The Myth Of The Naughty List

1 Comment

Listening to Christmas music last night it occurred to me that the Naughty List is a myth.

Maybe kids used to get coal in their stockings, but not anymore. Kids today are rewarded with Christmas presents regardless of whether they’ve been ‘good’ or ‘bad’, so why be good, for goodness sake?

The naughty list, if it’s mentioned at all outside of our favorite 1950’s Christmas classics, is used as a threat against bad behavior like the bogey man. But like the bogey man, the naughty list doesn’t exist. What adult today would actually give their child coal in their stockings? They’d be ostracized and castigated as…<gasp>…a bad parent! What adult is going to accept that responsibility and risk ridicule?

Maybe we think we’d scar our kids for life if they didn’t get presents at Christmas. We think we’d shame them by forcing them to answer “nothing” when asked by friends, “So what’d you get for Christmas?!?”

Threats without consequences are the worst reinforcement for positive behavior on the planet; it’s sure to get the exact opposite response. You’ve all seen the mom or dad in the grocery store yelling at their kids over and over, “If you don’t knock it off right now, we’re leaving!” Or how about the parent who buys their kid something from the impulse item racks just to keep them quiet? What does the child learn? In the same way I believe our children (and our adults for that matter) are living entitled lives; they are believe they deserve Christmas presents.
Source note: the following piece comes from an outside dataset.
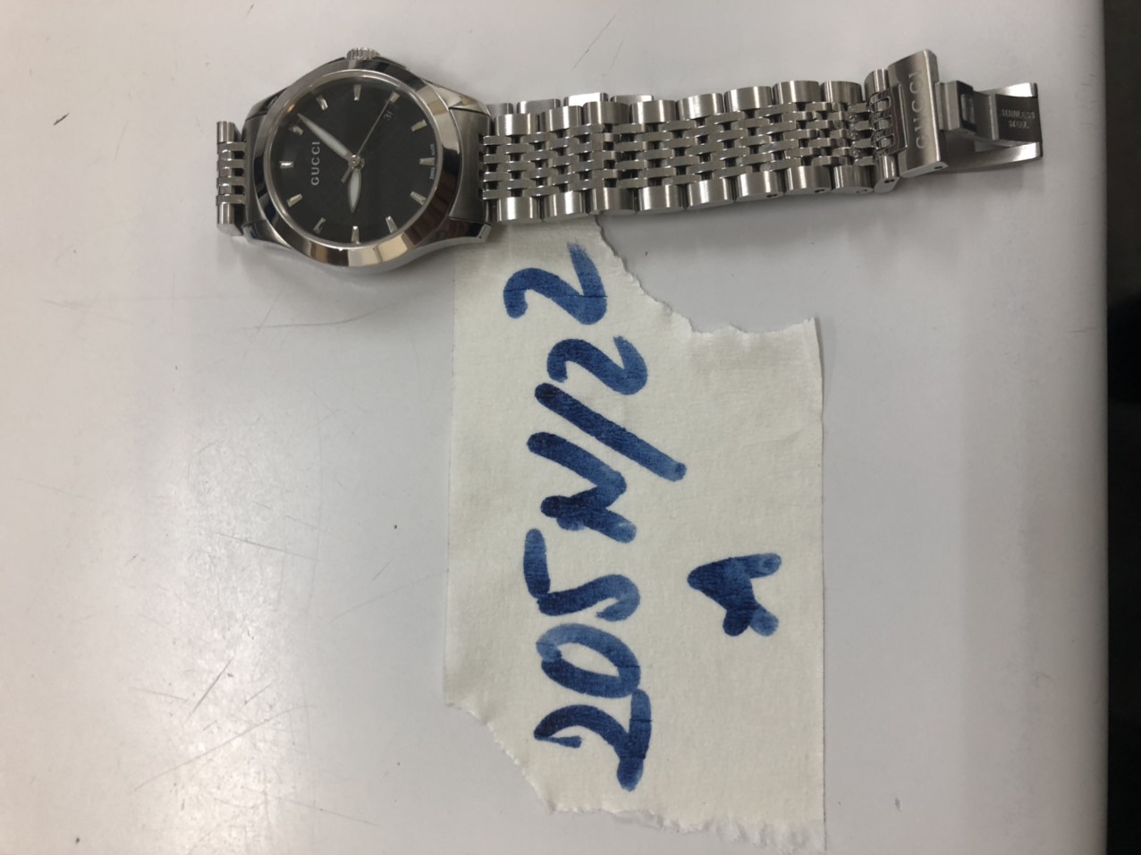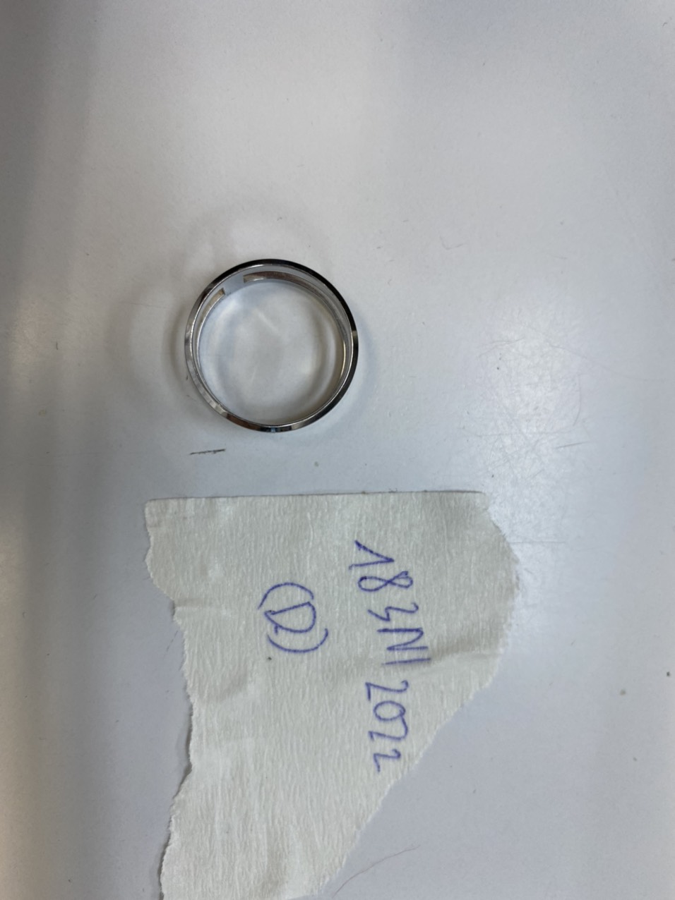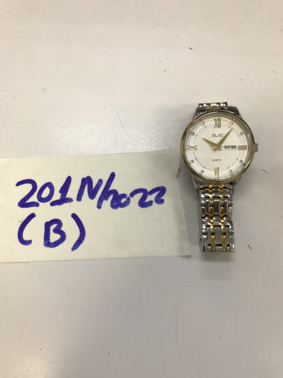 Ngày tiếp nhận: 30/04/2022 Mô tả: 01 đồng hồ kim loại màu trắng có chữ ELIO Vị trí: An ninh soi chiếu quốc nội |

I believe there are two options: 1) Stop all mention of naughty and nice lists; 2) Take responsibility and enforce the naughty list.

Ironically, parents willing to choose #2 wouldn’t have to; they probably live responsibly and have responsible children. It’s the parents who don’t want to take responsibility who need to do it the most.

One thought on “The Myth Of The Naughty List

  1. We do #2 year-round. If you’re having to coerce with the “Naughty List” threat at Christmas, you’re doing it wrong. Being “good” isn’t a 30-day purging of naughtiness; it’s a learned response to actions and resulting consequences enforced consistently.